The past year has been terrible for growth stocks as surging inflation, high interest rates, and fears of an economic slowdown led investors to park their funds in safer assets, which explains why shares of some fast-growing companies took a big beating.

Tesla (TSLA 4.96%), for instance, is down 19% in the past year, while Cloudflare (NET -1.05%) gained just 4% despite impressive growth. The past three months haven't been great for these tech stocks, either, as they dropped due to concerns that their growth is slowing.

But if you have $1,000 in investible cash right now -- which means that your bills are paid, there are no high-interest loans or credit card debt to service, and you have saved enough for a rainy day -- then it might be a good idea to put that money in these two stocks, either individually or combined. Let's look at the reasons why.

1. Tesla

Tesla has been a terrific investment over the past decade. Shares of the electric vehicle (EV) specialist turned a $1,000 investment into $27,000 in the past 10 years, averaging annual returns of just over 39%. The impressive returns can be attributed to the company's outstanding growth over the years.

TSLA Revenue (TTM) Chart

TSLA revenue (TTM) data by YCharts. TTM = trailing 12 months.

Tesla operates in an industry that has a lot of room to grow. Sales of EVs rose from nearly nothing in 2010 to 2.3 million units in 2020, according to the International Energy Agency (IEA).

The market gained terrific traction of late as EV sales reportedly surged to 10 million units in 2022. The IEA is forecasting a 35% spike in 2023 to 14 million units, accounting for an 18% share of the overall car market. By 2030, the agency estimates that EVs could account for over 60% of all cars sold globally. So it isn't surprising to see why consensus estimates anticipate an acceleration in Tesla's sales.

TSLA Revenue Estimates for Current Fiscal Year Chart

TSLA revenue estimates for current fiscal year, data by YCharts.

The company's focus on higher production capacity, the introduction of new vehicles, and expansion into new markets should help it deliver the impressive growth that Wall Street is expecting.

For instance, the company is looking at building a factory in India for both the domestic market and export. Tesla is reportedly holding talks with India's government, according to Bloomberg, and its entry into that market could unlock a robust opportunity. The EV market revenue in India could increase at an annual rate of 66% through 2029 and hit $114 billion, according to Fortune Business Insights.
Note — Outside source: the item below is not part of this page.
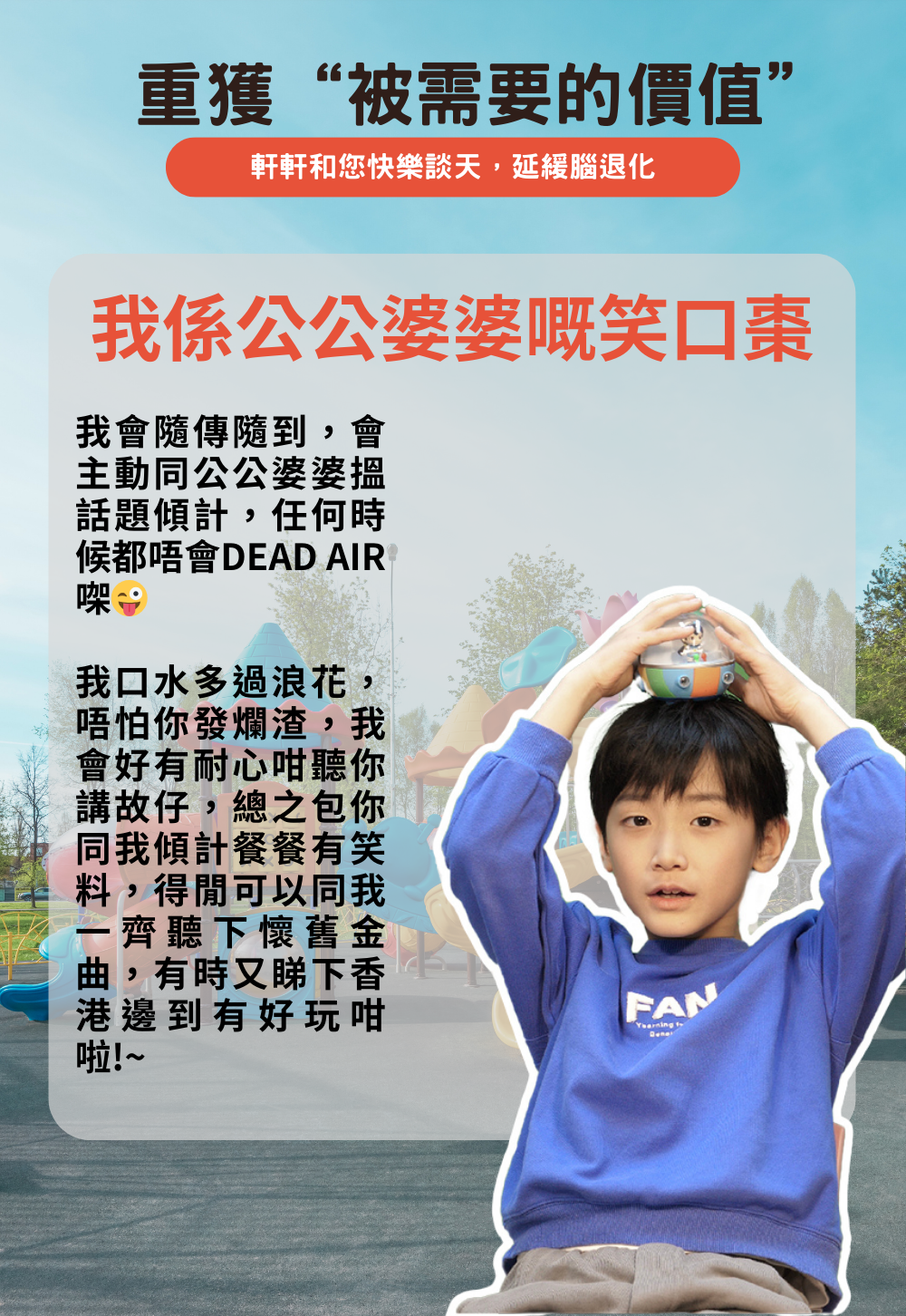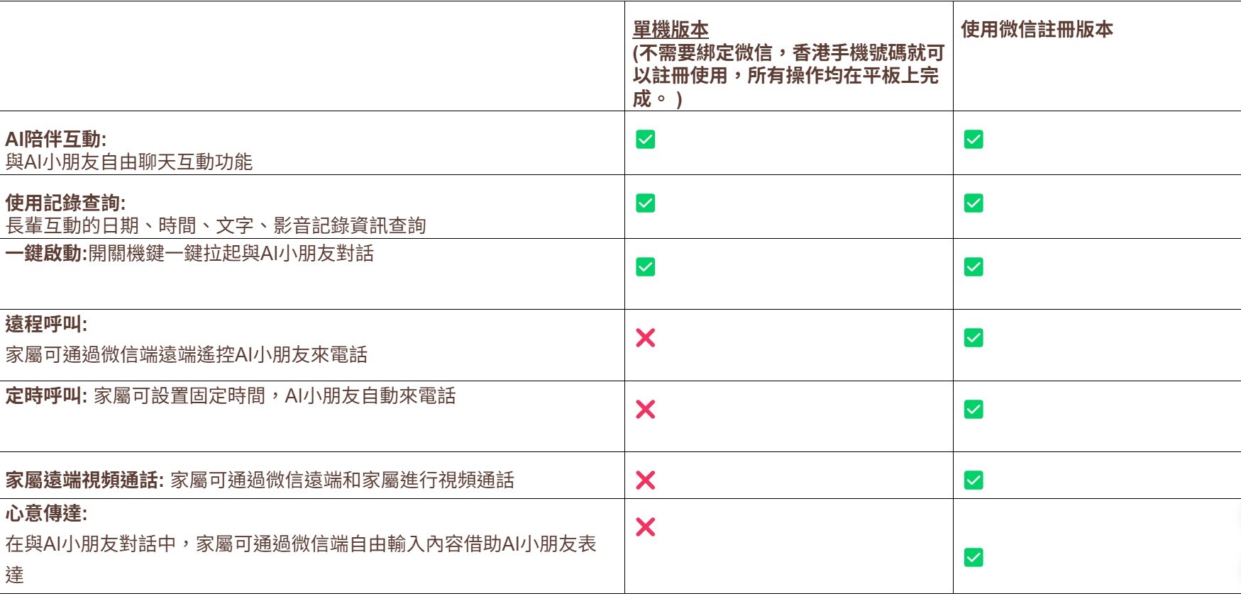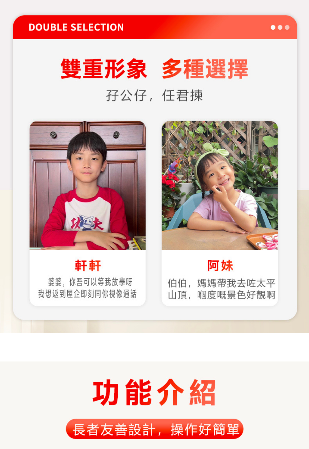 Q: Regarding data storage, how will the data be processed?A: Rest assured! All conversations and videos are securely encrypted and stored during use, protected by law.A1. Personal Information: Registration does not require any sensitive information such as phone number, ID card, or real name.A2. Text Content: The AI stores and remembers conversations with the user to continuously improve chat content and better accompany the elderly.A3. Video Content: Real-time calls and conversation recording functions for the elderly must be manually activated by family members.A4. Storage Method: All data is stored on cloud servers that have passed multiple international certifications, using top-level security encryption and subject to international legal regulations. (*The cloud service provider currently in use is one of the most comprehensively certified suppliers in the Asia-Pacific region, with international authoritative recognition at all levels. According to the 2021 Gartner report, it ranks first globally in cybersecurity capabilities.*)Q: What is the VIP subscription fee after one year?A: It's an annual fee of HK$1999/year, approximately HK$5.5 per day.Q: Which languages are supported?A: Currently, Cantonese and Mandarin are supported.Q: Is the data disclosed to family members?A: Family members can view all usage data on the registration backend to easily understand the elderly person's daily situation.(*A new version will be launched soon to monitor abnormal conditions in the elderly person, such as speech speed, vocabulary, and facial expressions. Abnormalities will be immediately notified to family members.)Q: Regarding the handling of sensitive AI issuesA: The AI model of this product has been registered with the government and has a strict filtering mechanism.When the elderly person mentions sensitive topics such as violence, pornography, or suicide, the AI will change the subject or guide positive thinking.Feel free to test and experience it anytime! Regarding finances and privacy, elderly people with cognitive impairment mostly mention fragmented memories, outdated information, or fabricated content, indicating a much lower data risk than those with normal cognitive function.

The company has been rapidly increasing its capacity to meet growing demand across the globe. At its 2023 investor day, held in March, Tesla said that it has produced its 4 millionth vehicle. The company took seven months to go from 3 million to 4 million vehicles, a big improvement over the 12 years it took to produce its first million.
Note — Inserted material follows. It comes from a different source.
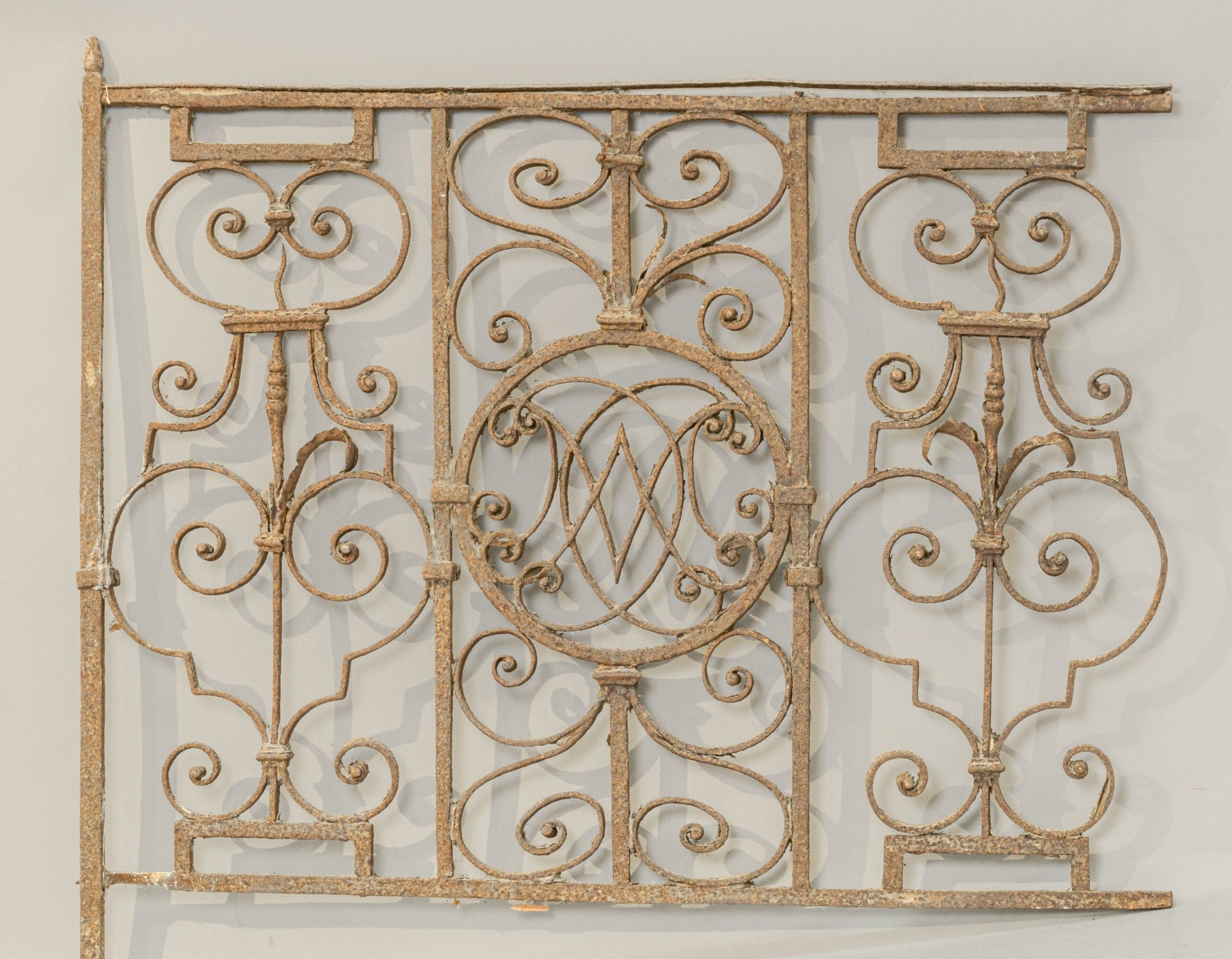 Wrought iron grille with scrolls and central D.A.M. numeral in a medallion

Investors can expect production capacity to continue improving in 2023 as it plans to start deliveries of the Cybertruck later this year.

Also, the company is in pilot production of the Tesla Semi electric truck and recently delivered 21 trucks to PepsiCo (NASDAQ: PEP). In all, Tesla has an annual production capacity of 2 million vehicles, and that should increase once the Cybertruck and the Semi hit production.

CEO Elon Musk has set an ambitious target of selling 20 million vehicles a year by 2030. Even if it only gets close to that target, investors can expect the company to sustain its impressive growth rate for a long time. With the stock currently trading at 7.3 times sales as compared to its five-year average price-to-sales (P/S) ratio of 11, investors can buy it at a relatively attractive valuation and benefit from the potential secular opportunity in the EV space.

2. Cloudflare

It has been less than four years since Cloudflare went public in September 2019. A $1,000 investment in its initial public offering is now worth more than $2,800. But investors who missed Cloudflare's rally can now buy it at a cheaper price-to-sales multiple than it was trading at in 2019.

It now has a P/S of 18, slightly lower than the 20 it was trading at when 2019 ended. And the stock is way cheaper than it was toward the end of 2021.

NET PS Ratio Chart

NET PS ratio, data by YCharts.

Buying Cloudflare at this valuation looks like a no-brainer. The company has been growing at an impressive rate that it can sustain in the long run. Revenue in the first quarter of 2023 increased 37% over the prior-year period to $290 million. It expects to finish the year with $1.28 billion in revenue, which would be a 31% jump over 2022.

More importantly, the demand for Cloudflare's internet infrastructure services -- which improve the performance, security, and reliability of internet connections with a large network of servers -- should remain strong in the long run and boost its addressable market. Its total addressable market (TAM) was worth $32 billion in 2018, and it will increase to $146 billion in 2023. Management estimates its TAM could hit $204 billion by 2026.

Cloudflare's total revenue forecast for 2023 indicates that it is at the beginning of a steep growth curve, explaining why revenue is expected to accelerate.

NET Revenue Estimates for Current Fiscal Year Chart

NET revenue estimates for current fiscal year, data by YCharts.

And analysts are anticipating earnings to increase at an annual rate of 62% over the next five years. So, investors looking for a growth stock would do well to buy this cloud play now while it remains beaten down at 26% off its 52-week high.